> **Work to be completed**: Line by line, the data below should be set down unchanged, with images excluded.

> **Material provided**:

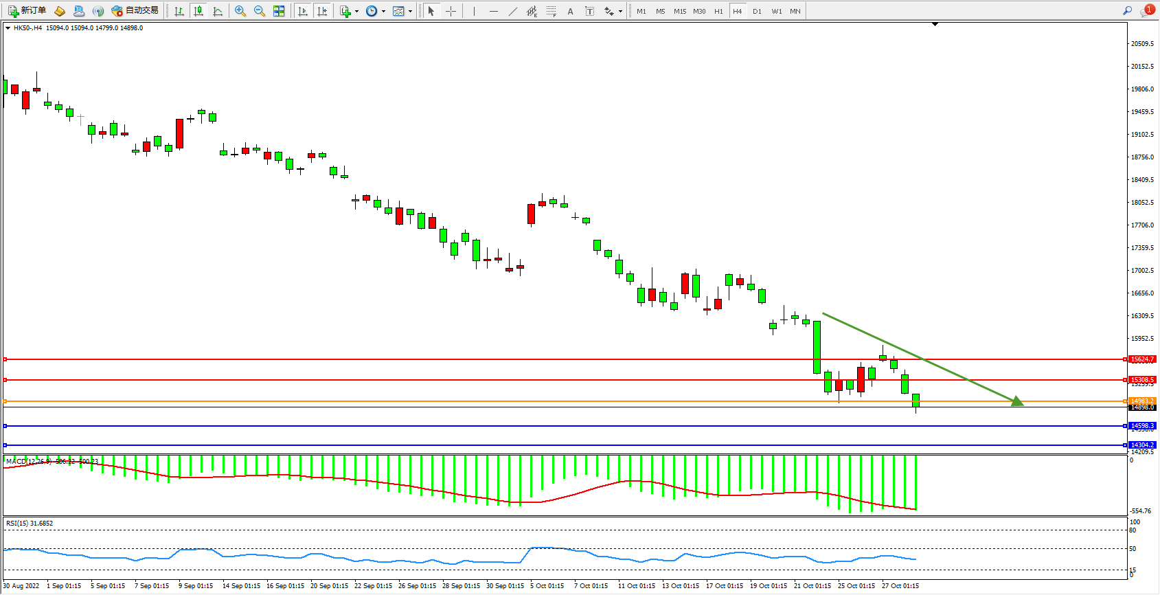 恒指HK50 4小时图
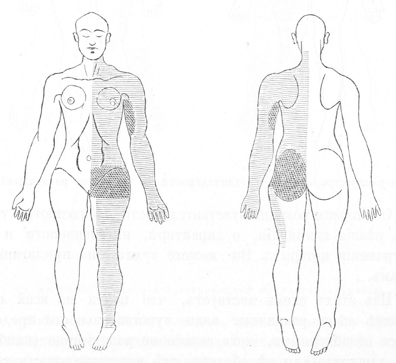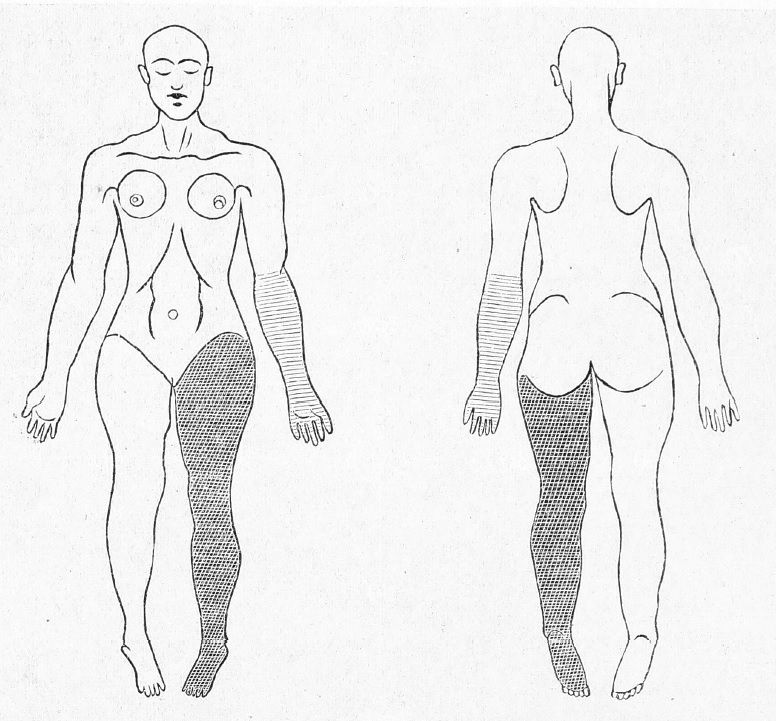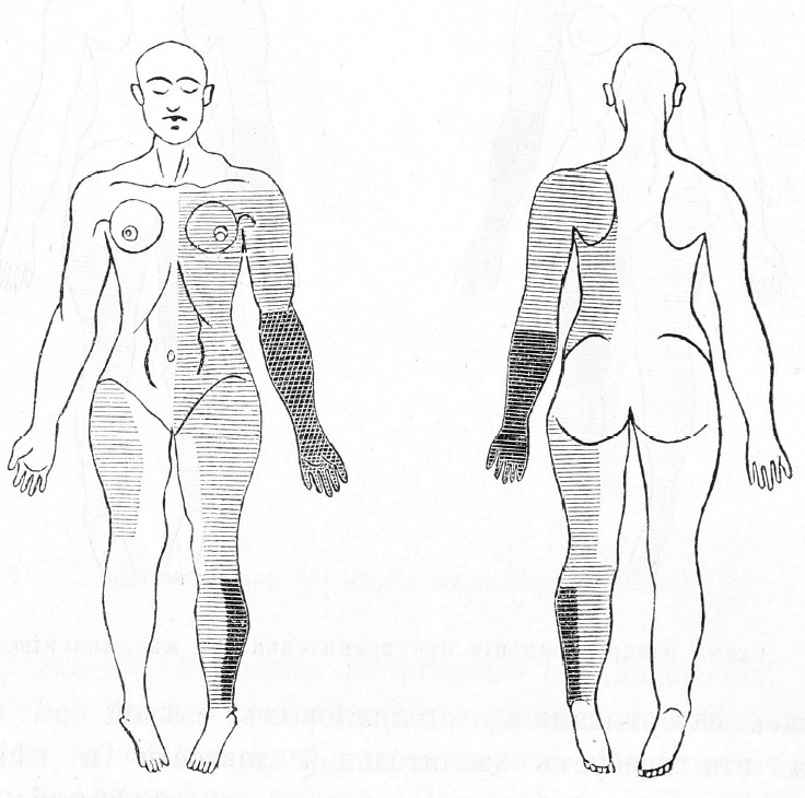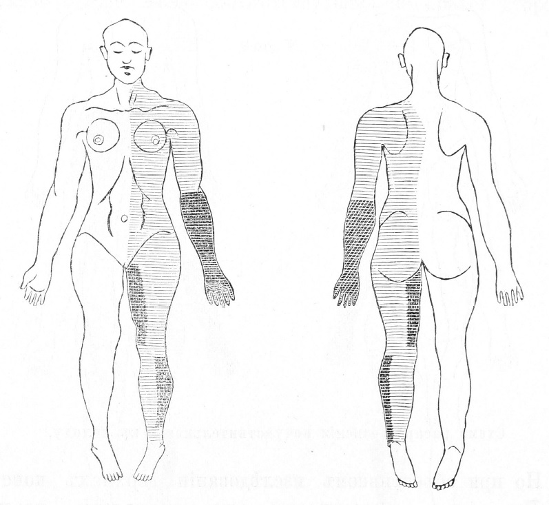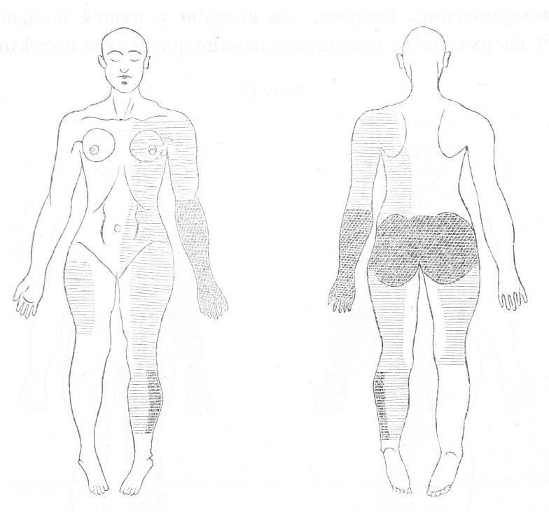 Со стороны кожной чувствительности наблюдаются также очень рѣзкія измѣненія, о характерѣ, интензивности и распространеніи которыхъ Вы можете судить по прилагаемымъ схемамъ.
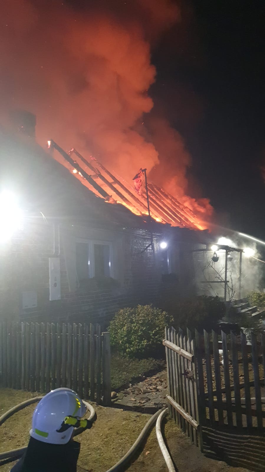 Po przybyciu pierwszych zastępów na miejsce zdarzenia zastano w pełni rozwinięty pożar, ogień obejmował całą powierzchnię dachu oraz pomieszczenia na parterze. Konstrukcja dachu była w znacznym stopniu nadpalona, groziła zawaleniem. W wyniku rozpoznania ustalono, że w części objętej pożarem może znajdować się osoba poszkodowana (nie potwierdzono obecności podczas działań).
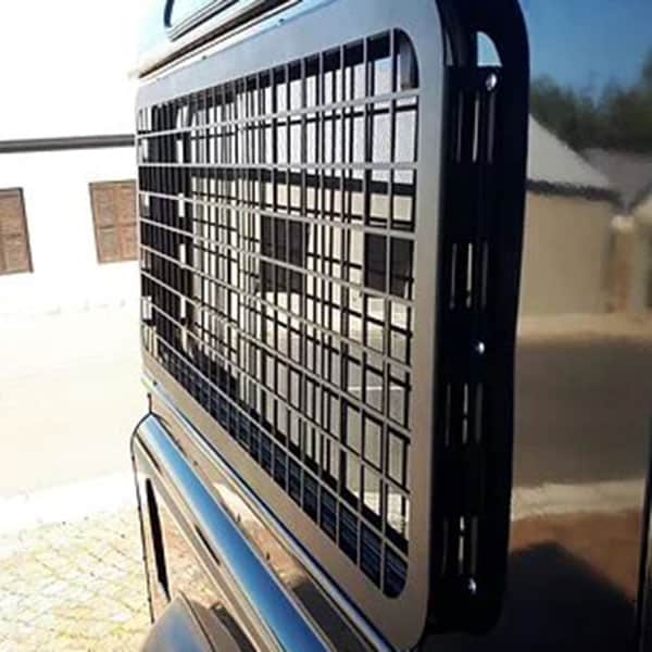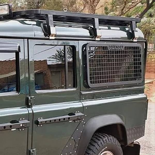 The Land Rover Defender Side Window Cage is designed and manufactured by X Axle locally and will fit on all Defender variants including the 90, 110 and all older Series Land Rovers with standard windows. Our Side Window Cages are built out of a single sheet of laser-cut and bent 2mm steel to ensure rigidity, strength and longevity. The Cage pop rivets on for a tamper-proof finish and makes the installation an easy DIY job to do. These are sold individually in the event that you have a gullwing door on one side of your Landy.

> **Output for this exercise**:
 恒指HK50 4小时图
 Со стороны кожной чувствительности наблюдаются также очень рѣзкія измѣненія, о характерѣ, интензивности и распространеніи которыхъ Вы можете судить по прилагаемымъ схемамъ.
 Po przybyciu pierwszych zastępów na miejsce zdarzenia zastano w pełni rozwinięty pożar, ogień obejmował całą powierzchnię dachu oraz pomieszczenia na parterze. Konstrukcja dachu była w znacznym stopniu nadpalona, groziła zawaleniem. W wyniku rozpoznania ustalono, że w części objętej pożarem może znajdować się osoba poszkodowana (nie potwierdzono obecności podczas działań).
 The Land Rover Defender Side Window Cage is designed and manufactured by X Axle locally and will fit on all Defender variants including the 90, 110 and all older Series Land Rovers with standard windows. Our Side Window Cages are built out of a single sheet of laser-cut and bent 2mm steel to ensure rigidity, strength and longevity. The Cage pop rivets on for a tamper-proof finish and makes the installation an easy DIY job to do. These are sold individually in the event that you have a gullwing door on one side of your Landy.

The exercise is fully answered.